WHAT YOU HAVE TO DO: Among the entries below, copy only the span from the line containing "公司配有自营车队,厢式货车十" through the line containing "Врата за душ, 81x195". Do so exactly, and skip the pictures.

DATA IN THIS EXERCISE:

══════════════════════════════

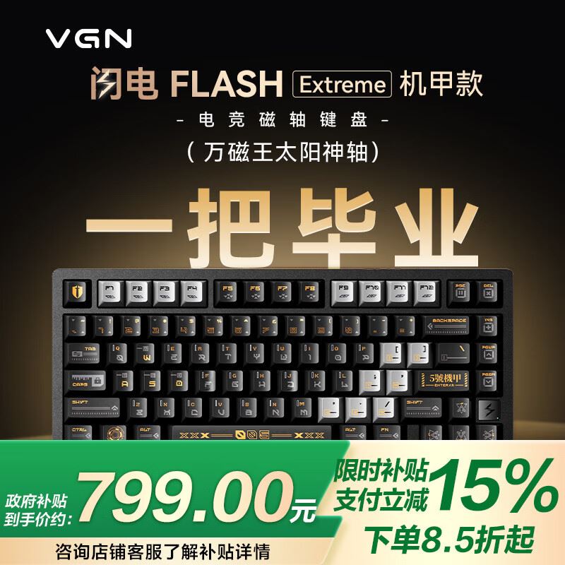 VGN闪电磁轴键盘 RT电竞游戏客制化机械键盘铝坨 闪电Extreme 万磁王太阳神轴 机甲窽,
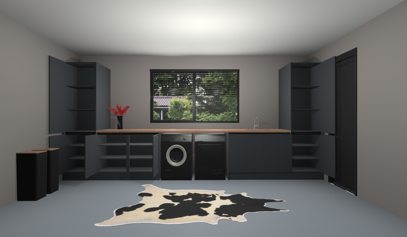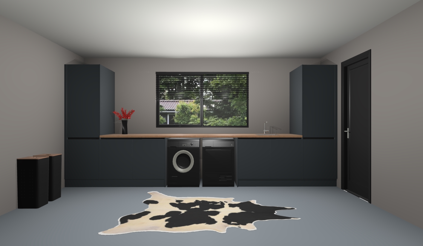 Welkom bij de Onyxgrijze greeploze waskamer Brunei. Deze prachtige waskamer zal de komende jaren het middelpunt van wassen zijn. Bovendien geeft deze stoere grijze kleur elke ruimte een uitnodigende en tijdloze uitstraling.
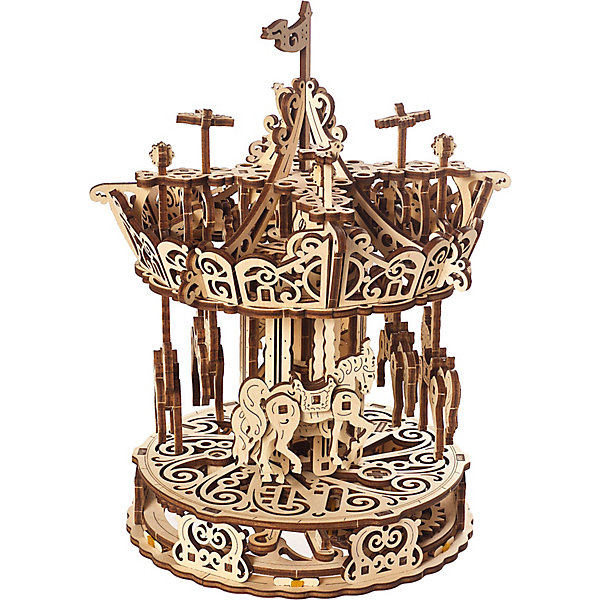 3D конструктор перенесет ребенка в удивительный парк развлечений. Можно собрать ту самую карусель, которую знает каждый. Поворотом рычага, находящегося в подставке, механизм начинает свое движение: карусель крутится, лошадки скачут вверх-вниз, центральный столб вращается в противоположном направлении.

══════════════════════════════

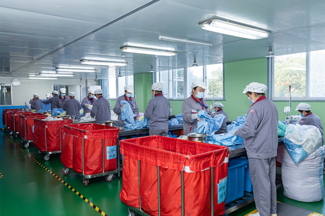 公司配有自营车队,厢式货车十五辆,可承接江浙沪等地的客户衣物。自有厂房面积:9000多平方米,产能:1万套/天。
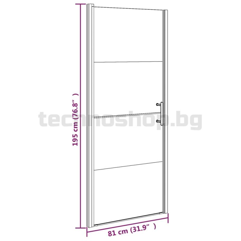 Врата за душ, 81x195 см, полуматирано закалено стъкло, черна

══════════════════════════════

ANSWER FOR THE TASK:
 公司配有自营车队,厢式货车十五辆,可承接江浙沪等地的客户衣物。自有厂房面积:9000多平方米,产能:1万套/天。
 Врата за душ, 81x195 см, полуматирано закалено стъкло, черна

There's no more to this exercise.